18/01/2014 06:30 EST | Actualisé 20/03/2014 05:12 EDT

Le directeur général de la municipalité de Sainte-Brigitte-de-Laval, qui fait l'objet d'une enquête après avoir été suspendu sans salaire en décembre dernier par l'administration de la nouvelle mairesse Wanita Daniele, pourrait être congédié lundi à l'issue de la prochaine séance du conseil municipal.

Les hausses de salaires consentis à Gaétan Bussières et à des cadres de Sainte-Brigitte-de-Laval, juste avant les dernières élections municipales, font présentement l'objet d'une vérification de la part de l'administration municipale.

Wanita Daniele affirme que l'enquête tire à sa fin et que de nouveaux éléments ont retenu l'attention des vérificateurs. Selon ces nouveaux éléments, Gaétan Bussières aurait reçu en 2012 une somme de 44 800 $ en prime de départ, alors qu'il était toujours à l'emploi de la municipalité.

Pour Wanita Daniele, c'est trop. « À l'heure actuelle, le lien de confiance est rompu. Ça, c'est indéniable puis je pense que les gens ont certainement compris que ce lien était rompu », dit la mairesse de Sainte-Brigitte-de-Laval au sujet de Gaétan Bussières.

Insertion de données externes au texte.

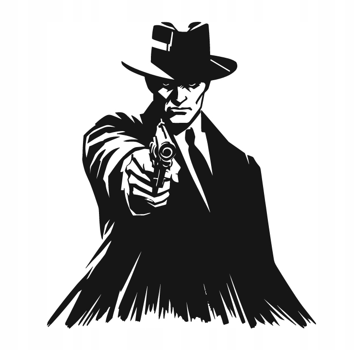 Dekoracja przedstawia mężczyznę w eleganckim płaszczu i kapeluszu, trzymającego pistolet wymierzony w stronę obserwatora. Postać emanuje chłodną pewnością siebie i zdecydowaniem, przypominając klasyczne sylwetki z filmów noir czy opowieści o gangsterach. Mocne kontrasty czerni i bieli podkreślają dramatyzm sceny, a surowe rysy twarzy nadają jej aurę tajemniczości.
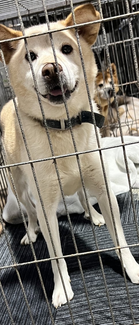 市役所の捕獲箱で捕まっているわんちゃんたち。
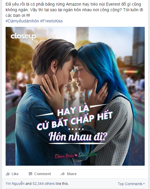 Trên trang cá nhân của mình, một bạn có nickname Meo Beo chia sẻ dòng trạng thái đầy hứng khởi: “Hãy luôn ‘gấu’ để tình yêu thật ngầu chứ đừng hèn nhát bởi lòng đố kỵ của mọi người. Đừng vì những lời ghen ghét mà bỏ qua cơ hội hôn nhau ở nơi công cộng để thể hiện tình yêu. Bạn vẫn tiếp tục khoe những nụ hôn nóng bỏng và mặc kệ những ai ganh tị với mình chứ? Bạn dám hôn để xem phim Tết không?”. Cùng với những chia sẻ đó là một bức hình thể hiện tình yêu ngọt ngào của một đôi bạn trẻ.
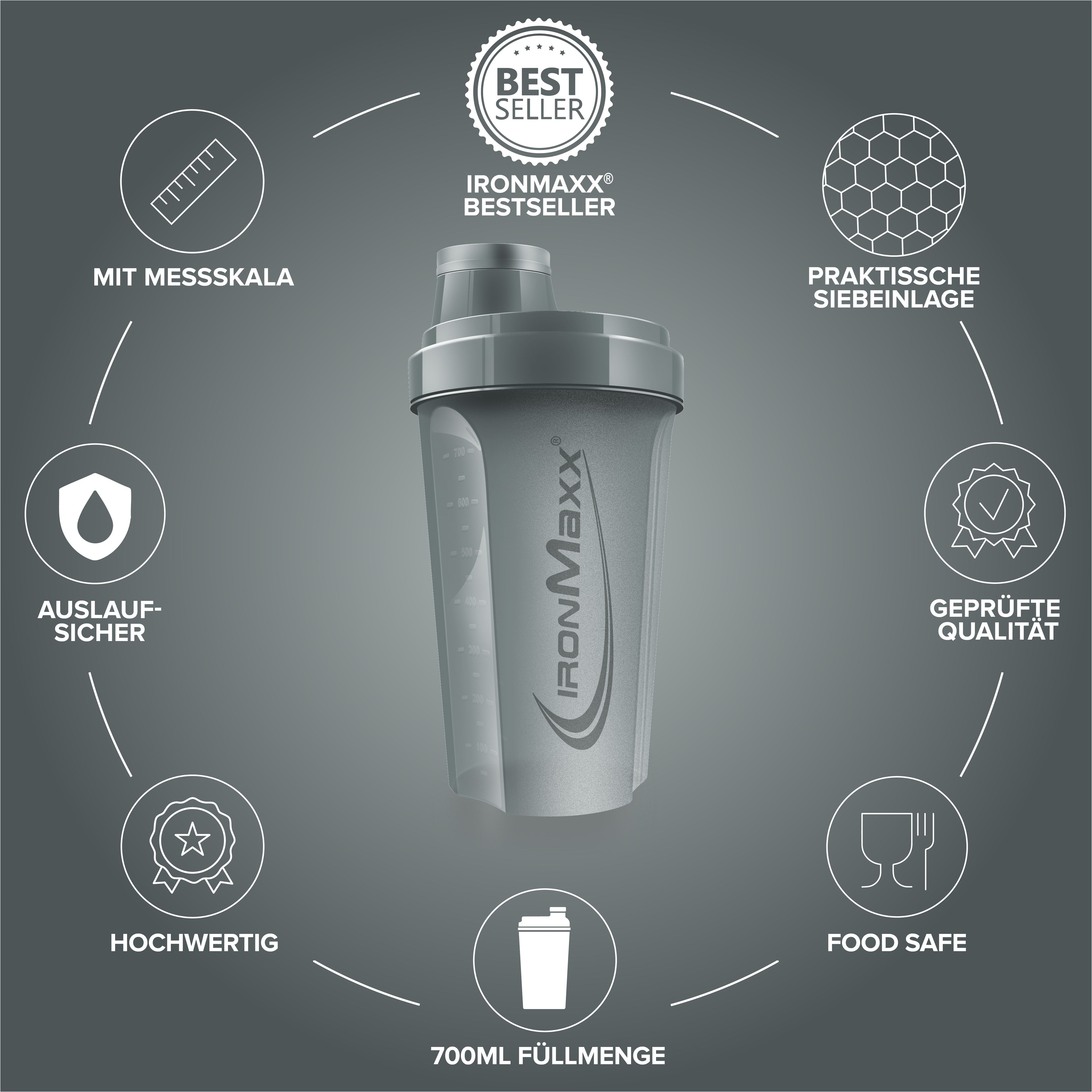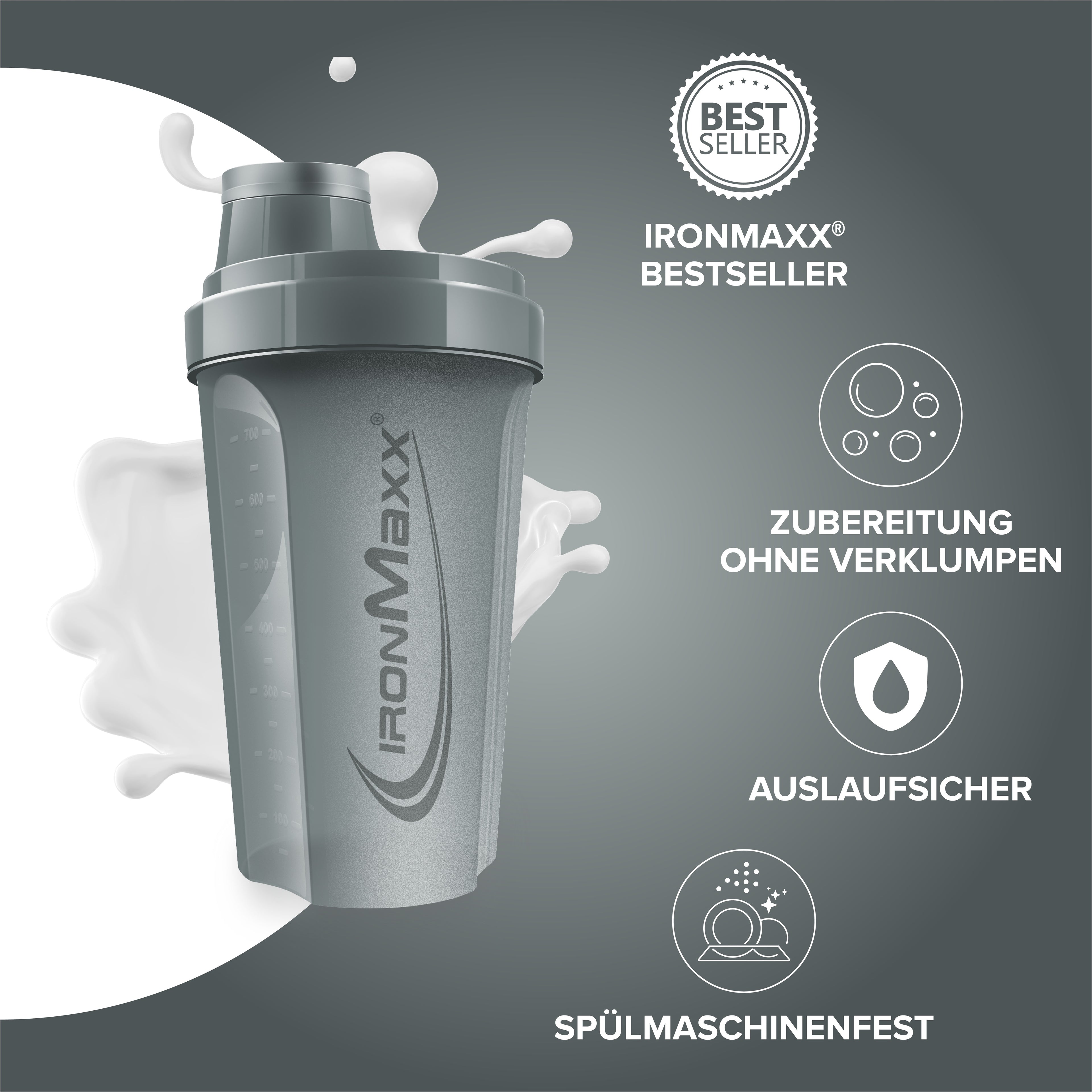 Der klassische IronMaxx® Protein Shaker ist dein verlässlicher Begleiter für cremige, klumpenfreie Shakes – überall und jederzeit. Mit einem Fassungsvermögen von 700 ml, integriertem Sieb und präziser Messskala gelingt dir jedes Mischverhältnis perfekt.
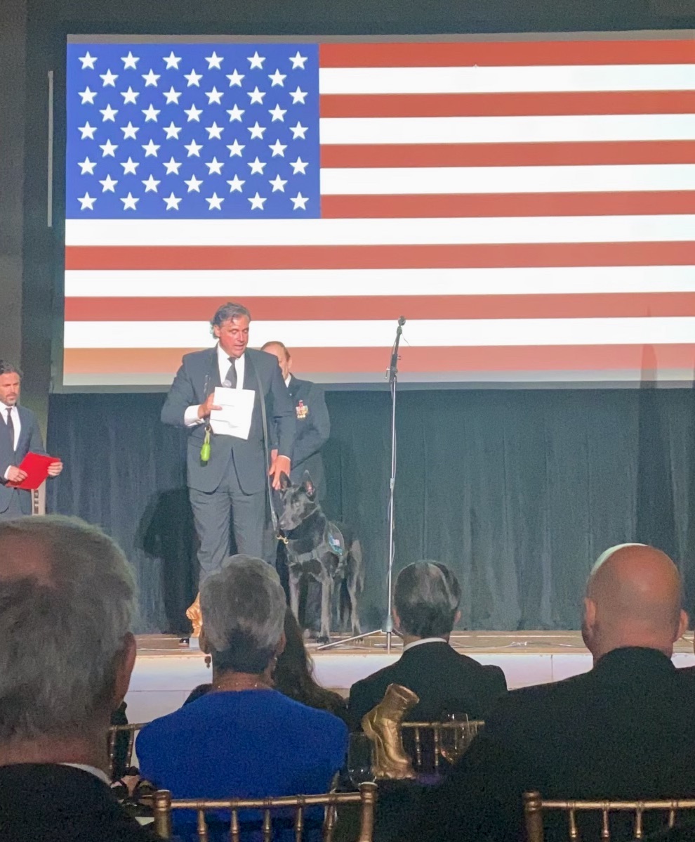As he accepted the award on behalf of Guardian Angels Cadigan said, “This week, I attended the memorial service and funeral of two friends who succumbed to their invisible injuries. It is unknown if a medical service dog could have helped them. Both had met my dog and were considering the application process at the time of their deaths. Should you have the ability to make a donation to help train and pair an amazing dog [through Guardian Angels Medical Service Dogs] you’ll have a direct impact on helping a veteran.”
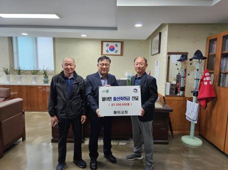 봉화군 물야면 오록리에 있는 물야교회는 지난 27일 물야면사무소를 방문해 올해 물야면에 출생한 아동 3명을 축하하기 위해 현금 150만 원을 기탁했다.
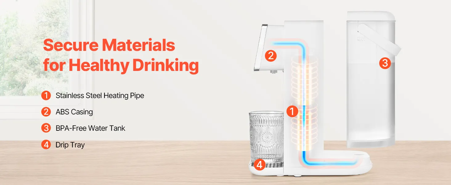 The heating system is made from food-grade stainless steel, while the water tank is crafted from BPA-free ASB material, ensuring clean and secure drinking water for you and your family.
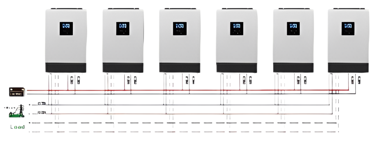 V jednofázovej konfigurácii môžu byť paralelne zapojené až štyri meniče. Táto konfigurácia zvyšuje celkový výstupný výkon, takže je ideálnym riešením, keď je potrebný vyšší výkon na podporu viacerých zariadení. Je to ideálna možnosť pre používateľov, ktorí potrebujú škálovateľný systém, ktorý môže rásť s ich rastúcimi energetickými požiadavkami.
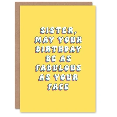 Artery8 Greeting Card Fabulous As Your Face Bright Retro Yellow For Her Sister Birthday

Mme Daniele dit ne pas savoir pour le moment pourquoi et dans quelle circonstance cette somme a été versée à Gaétan Bussières.

Elle espère que la lumière sera faite par les vérificateurs au sujet du montant, qui a été versé au moment où Gilbert Thomassin était le maire de la petite municipalité. « Je ne sais pas. C'est justement ça qu'on essaie de déterminer : est-ce que ç'a été versé selon une entente qu'il aurait avec le conseil? Avec M. Thomassin? », évoque-t-elle.

De son côté, l'ancien maire de Sainte-Brigitte-de-Laval a affirmé au quotidien Le Soleil qu'il ne se souvenait pas qu'une telle somme ait été versée à Gaétan Bussières.

Des citoyens excédés

Plusieurs citoyens de Sainte-Brigitte-de-Laval disent avoir hâte de connaître le dénouement de l'enquête menée par l'administration municipale. C'est le cas de Carl Tremblay. « Ces gens-là devraient payer de leurs actes. S'il y a un Code criminel ou une loi qui peut les punir, je n'ai aucun problème avec ça », dit-il.

« Moi, je souhaite qu'il ne revienne pas à Sainte-Brigitte-de-Laval », lance quant à elle Nancy Poulin, une autre résidente, des propos sont partagés par Francine Dion, une autre résidente de Sainte-Brigitte-de-Laval.

« Il faut se poser des questions puis voir ce qui se passe. C'est quand même notre argent », dit-elle.